Steve Jobs on design: “Most people make the mistake of thinking design is what it looks like. That’s not what we think design is. It’s not just what it looks like and feels like. Design is how it works.”
This is as much true for websites, as it is for the products that Steve Jobs is talking about. Old news for some of you I know, but I like this quote, as it gives clear value to the visual and to the internals. On websites it is easy to see the visual, and be aware that some where in the background there is a server with code on it.
The bit in between those two is my domain these days. None of it is code, very little of it is visual design, it is the "how" that is important for me. The intangible nature of it makes it hard to explain to people what I do, as the design word just means visual communication these days. I end up clarifying and calling it product design, service design might be better, but both those mean different things in other industries.
I'm at the interaction design training course next week, given by Bruce “Tog” Tognazzini, as part of the User Experience 2006 conference. I'll also be attending the Scott McCloud day too, which I'm equally excited about.
Both these training sessions and various conferences (etech, xtech, sxsw, reboot, lift etc) give a gesture to the space I work in, probably most formally taught at the RCA Interaction Design course, something I'd love to have done. I find process, or workflow, and psychology are the key to understanding what to build and how to support the context of action, or understanding, which is your purpose in creating the website.
Happily, I'm by no means alone in this space. The closer websites come to being part of social interactions the more important this becomes.
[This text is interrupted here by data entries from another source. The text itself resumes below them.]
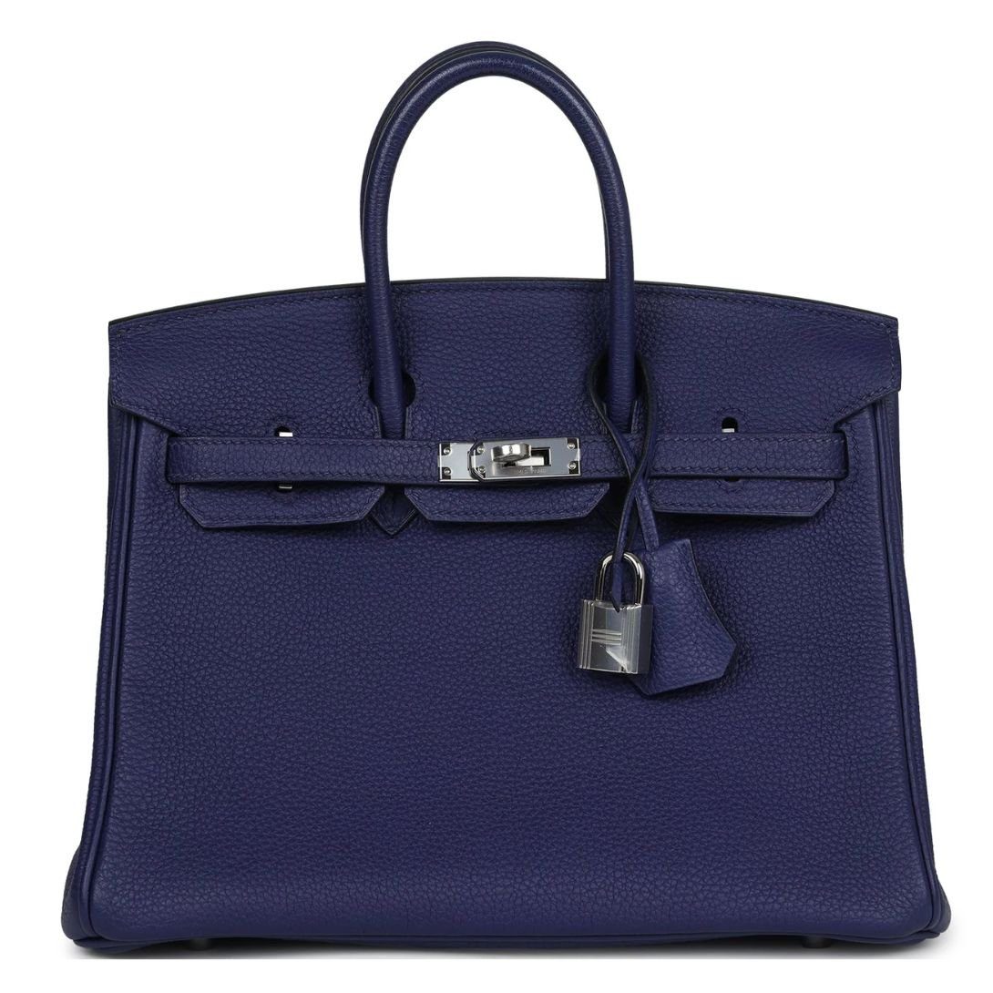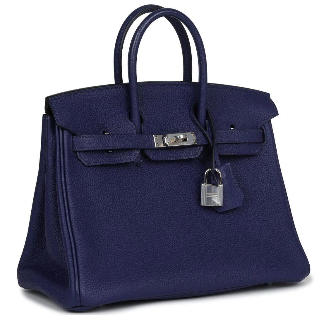 PRE-OWNED HERMÈS BIRKIN 25 BLEU ENCRE TOGO PALLADIUM HARDWARE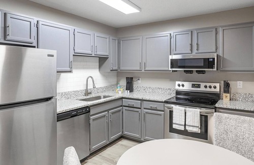 Dive into comfort and convenience at Reserve at Research Park, nestled in Huntsville’s vibrant University/Research Park neighborhood. Perfect for flexible or extended stays, our fully-furnished apartments feature full kitchens with granite countertops, stainless steel appliances, hardwood-style floors, and private patios or balconies. Enjoy a resort-style pool, 24-hour fitness center, tennis and pickleball courts, a pet spa, and a spacious bark park for your furry friends.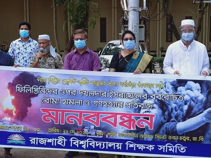 ২২ মে ২০২১ (নিউজ ডেস্ক, রাজশাহী বিশ্ববিদ্যালয়): ফিলিস্তিনের বেসামরিক জনগণের ওপর ইসরায়েলি বাহিনীর হামলা ও হত্যাযজ্ঞকে মানবতার বিরুদ্ধে অপরাধ হিসেবে অভিহিত করেছে রাজশাহী বিশ্ববিদ্যালয় শিক্ষক সমিতি। ইসরায়েলের বিরুদ্ধে আন্তর্জাতিক অপরাধ আদালতে বিচারের দাবিও জানিয়েছেন শিক্ষক সমিতি নেতারা।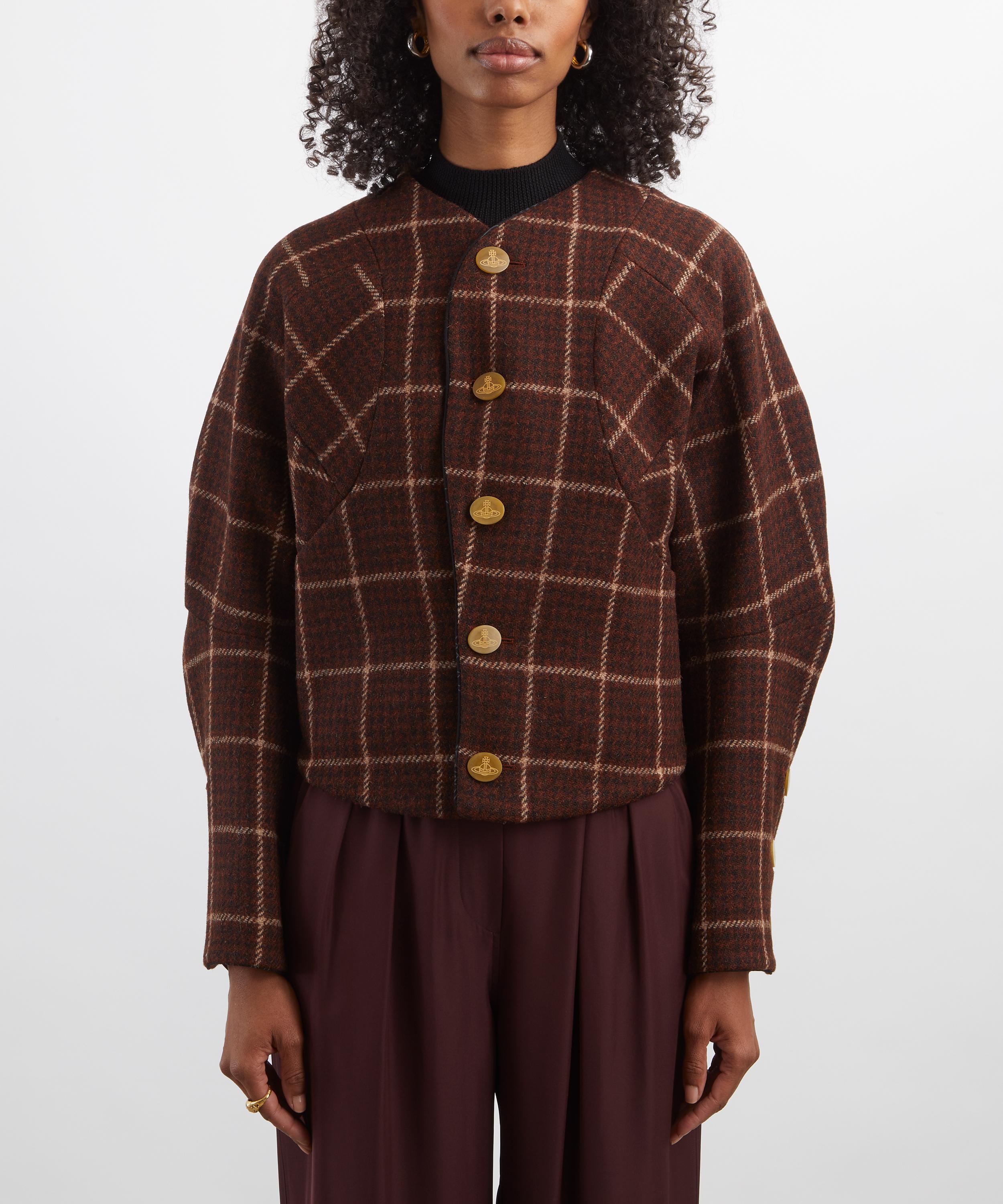 Made from Harris Tweed wool tartan, the Pourpoint Jacket updates 14th-century armour with a modern, collarless silhouette, dropped shoulders, side pockets, and an orb-engraved button for a signature finish.

We've moved through several cycles in web development, from brochures to shops to the rich ecology of interconnected services we have today. Each time the human involvement is richer, today we have the chance to offer up more of ourselves to the internet, the architecture of participation as Tim O'Reilly and others put it. danah boyd has done a lot to promote this thinking too, culminating in a cfp for a special issue in the Journal of Computer-Mediated Communication.
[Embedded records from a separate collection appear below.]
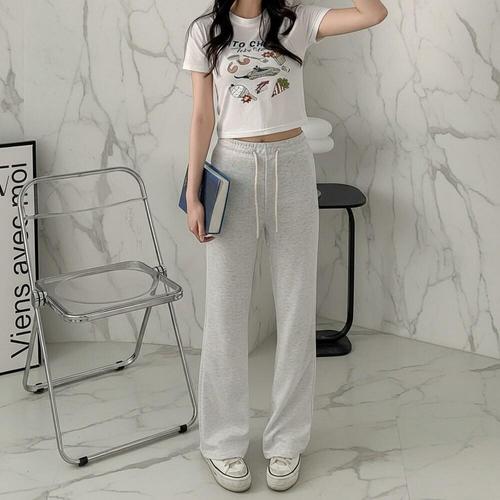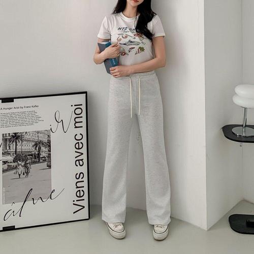 바지 회색 니트 캐주얼 맨투맨 트레이닝 하이웨스트 여자바지 워즈 와이드 스트레이트 슬림핏 슬랙스 면~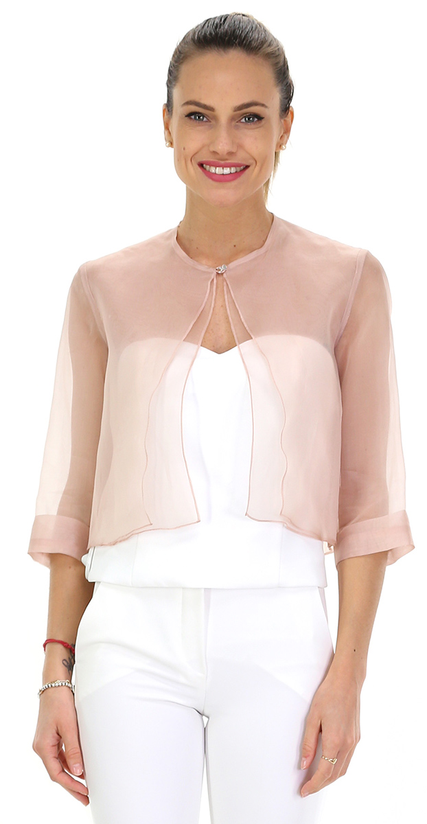 Coprispalle in organza di seta con maniche a tre quarti. Collo a giro con bottone di chiusura frontale. Corpetto doppio. La modella è alta 1.80 ed indossa la taglia 42.
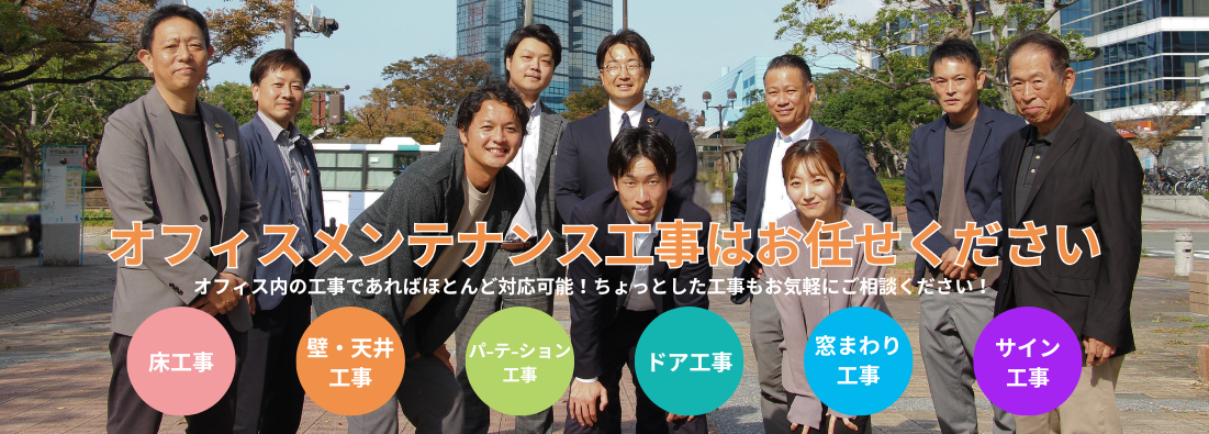 - 福岡オフィスづくり.comは、オフィス環境作りの大きさに関係なくオフィス環境作りのサポートを行っています。オフィス移転やオフィスリニューアルのような大規模工事だけではなく、数千円のようなちょっとした小規模工事にも喜んで対応いたします。どこに頼んだら良いのかわからないような補修箇所があれば、福岡オフィスづくり.comにご相談ください。私たちはオフィスのちょっとした工事にも丁寧に対応してきた実績があります。

If we are to make websites that involve humans then we need to build products that fit in with their psychology and pick tools that allow us to do that, one of the reasons I'm a fan of Ruby on Rails. This also means a displacement (not removal) of the content producer (publisher, broadcaster etc) as the most interesting conversations are not one way. Again there is nothing new in this, collaborative media tools have existed for a long time, but now it is not just an mass amateurization, but one that draws on the media consumer, bringing them to the fold.
The ongoing race of media companies buying social tools (YouTube, Reddit etc) is a key sign of this. However it is not spray paint, you need a passionate desire to engage your audience / readership if you want these tools to work. I'd argue that this needs to be engagement with your content, not a separate community space. A weakness of Comment is free is the lack of engagement on the behalf of the Guardian columnists, whose content is put on that blog. Top marks for taking on this project, but CIF shows that there is more to this than a comment box at the end of each article.
To return to my point, much of the new web thinking, beyond the tech, is psychology in a different branding. Sociology gets a lot of attention, but I think psychology and how humans relate to information has much to offer. These social sciences are the key to making good web products and knowledge of them needs to spread out beyond the niche interaction / product design fraternity to visual designers and programmers, so that they can be empowered to make intuitively good choices.

I couldn't agree more with Steve Jobs' sentiment ... the key word being works (in a sense greater than mere "effective operation").
However, I don't think the sentiment expresses anything particularly new; designers and artists, for their part, have always been aware of this fact. They are often restricted in their ability to implement this in practice due to straightjacketing their role and/or an alienation from that which they are designing for.
Additionally, I would be wary of utilizing the word psychology in relation to those intangible aspects of interaction design; psychology has an inherent tendency towards a dualistic representation of the object of its inquiry which undermines an understanding of the essentially holistic character of true design as a phenomena.
The above factors combine to aestheticize design, reducing it to the realm of "appearance". True design is to "devise", "mark out", "signify" a realm and means within and through which enagement and action can occur.
I think you hit on a vital point when you infer that a passionate desire is an a priori condition of such works. A designer cannot design for that which s/he is not always already within, engaged with, or part of. This is why the vast majority of design is bad design.
Software and web development has an onmipresent desire to separate concerns. In most areas of endeavour, this can be perfectly valid and pragmatic. Yet, in design, this is not the case. One needs to be careful not to further reduce (in the sense of reductionism) design by abstracting it further into distinct regions (i.e. visual, interaction, information etc).
Naturally, more than one single individual is always "the designer" of a particular "work" (the use of the word "works" in relation to that generated by the creative arts is no coincidence!), but it is of vital importance that this is a collaborative endeavour where the work works by working together in an engaged way towards the demarcation of a previously undefined shared space.